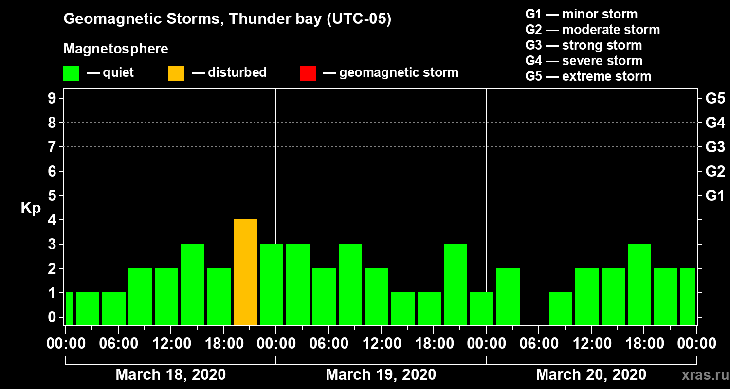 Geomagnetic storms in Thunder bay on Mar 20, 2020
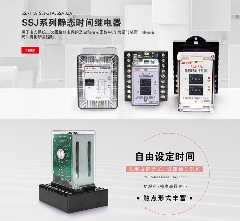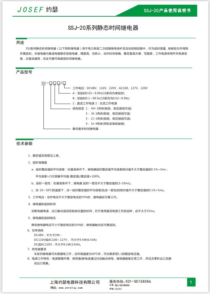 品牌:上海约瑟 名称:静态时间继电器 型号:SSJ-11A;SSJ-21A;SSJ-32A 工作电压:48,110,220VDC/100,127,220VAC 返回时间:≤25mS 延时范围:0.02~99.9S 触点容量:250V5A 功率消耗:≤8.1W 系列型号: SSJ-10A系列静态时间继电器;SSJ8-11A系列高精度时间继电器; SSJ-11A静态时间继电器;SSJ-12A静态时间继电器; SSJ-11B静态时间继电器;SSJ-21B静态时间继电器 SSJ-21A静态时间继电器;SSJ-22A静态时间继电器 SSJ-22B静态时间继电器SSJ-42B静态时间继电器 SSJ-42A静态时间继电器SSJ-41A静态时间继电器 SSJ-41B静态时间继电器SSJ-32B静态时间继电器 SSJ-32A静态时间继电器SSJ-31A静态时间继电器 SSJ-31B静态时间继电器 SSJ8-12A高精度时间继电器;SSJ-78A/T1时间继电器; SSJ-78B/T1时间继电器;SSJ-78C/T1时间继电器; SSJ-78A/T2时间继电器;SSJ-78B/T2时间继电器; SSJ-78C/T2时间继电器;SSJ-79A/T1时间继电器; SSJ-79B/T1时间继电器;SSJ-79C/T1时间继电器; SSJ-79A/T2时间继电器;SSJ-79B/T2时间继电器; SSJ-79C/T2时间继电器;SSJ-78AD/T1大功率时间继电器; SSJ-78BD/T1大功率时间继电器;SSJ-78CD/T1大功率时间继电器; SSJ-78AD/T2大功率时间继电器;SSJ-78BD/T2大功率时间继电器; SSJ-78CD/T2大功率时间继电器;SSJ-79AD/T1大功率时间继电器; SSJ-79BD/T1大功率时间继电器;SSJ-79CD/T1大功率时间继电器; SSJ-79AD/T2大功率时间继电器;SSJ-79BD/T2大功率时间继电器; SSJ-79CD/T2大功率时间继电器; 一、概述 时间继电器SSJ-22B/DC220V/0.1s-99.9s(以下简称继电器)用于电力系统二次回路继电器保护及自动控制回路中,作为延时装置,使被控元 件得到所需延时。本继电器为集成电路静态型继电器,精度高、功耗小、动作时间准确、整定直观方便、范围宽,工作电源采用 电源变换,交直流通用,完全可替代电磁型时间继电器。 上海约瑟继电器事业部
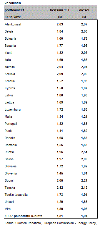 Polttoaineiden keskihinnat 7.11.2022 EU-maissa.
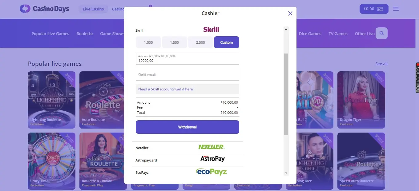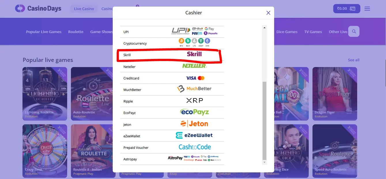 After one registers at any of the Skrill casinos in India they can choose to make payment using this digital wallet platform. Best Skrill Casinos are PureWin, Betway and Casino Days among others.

——————————

What you will do = Starting with the first line of the data above and ending with the line containing "Polttoaineiden keskihinnat 7.11.2022", please restate every line exactly, leaving images out.

Result of this exercise =
 Geomagnetic storms in Thunder bay on Mar 20, 2020
 品牌:上海约瑟 名称:静态时间继电器 型号:SSJ-11A;SSJ-21A;SSJ-32A 工作电压:48,110,220VDC/100,127,220VAC 返回时间:≤25mS 延时范围:0.02~99.9S 触点容量:250V5A 功率消耗:≤8.1W 系列型号: SSJ-10A系列静态时间继电器;SSJ8-11A系列高精度时间继电器; SSJ-11A静态时间继电器;SSJ-12A静态时间继电器; SSJ-11B静态时间继电器;SSJ-21B静态时间继电器 SSJ-21A静态时间继电器;SSJ-22A静态时间继电器 SSJ-22B静态时间继电器SSJ-42B静态时间继电器 SSJ-42A静态时间继电器SSJ-41A静态时间继电器 SSJ-41B静态时间继电器SSJ-32B静态时间继电器 SSJ-32A静态时间继电器SSJ-31A静态时间继电器 SSJ-31B静态时间继电器 SSJ8-12A高精度时间继电器;SSJ-78A/T1时间继电器; SSJ-78B/T1时间继电器;SSJ-78C/T1时间继电器; SSJ-78A/T2时间继电器;SSJ-78B/T2时间继电器; SSJ-78C/T2时间继电器;SSJ-79A/T1时间继电器; SSJ-79B/T1时间继电器;SSJ-79C/T1时间继电器; SSJ-79A/T2时间继电器;SSJ-79B/T2时间继电器; SSJ-79C/T2时间继电器;SSJ-78AD/T1大功率时间继电器; SSJ-78BD/T1大功率时间继电器;SSJ-78CD/T1大功率时间继电器; SSJ-78AD/T2大功率时间继电器;SSJ-78BD/T2大功率时间继电器; SSJ-78CD/T2大功率时间继电器;SSJ-79AD/T1大功率时间继电器; SSJ-79BD/T1大功率时间继电器;SSJ-79CD/T1大功率时间继电器; SSJ-79AD/T2大功率时间继电器;SSJ-79BD/T2大功率时间继电器; SSJ-79CD/T2大功率时间继电器; 一、概述 时间继电器SSJ-22B/DC220V/0.1s-99.9s(以下简称继电器)用于电力系统二次回路继电器保护及自动控制回路中,作为延时装置,使被控元 件得到所需延时。本继电器为集成电路静态型继电器,精度高、功耗小、动作时间准确、整定直观方便、范围宽,工作电源采用 电源变换,交直流通用,完全可替代电磁型时间继电器。 上海约瑟继电器事业部
 Polttoaineiden keskihinnat 7.11.2022 EU-maissa.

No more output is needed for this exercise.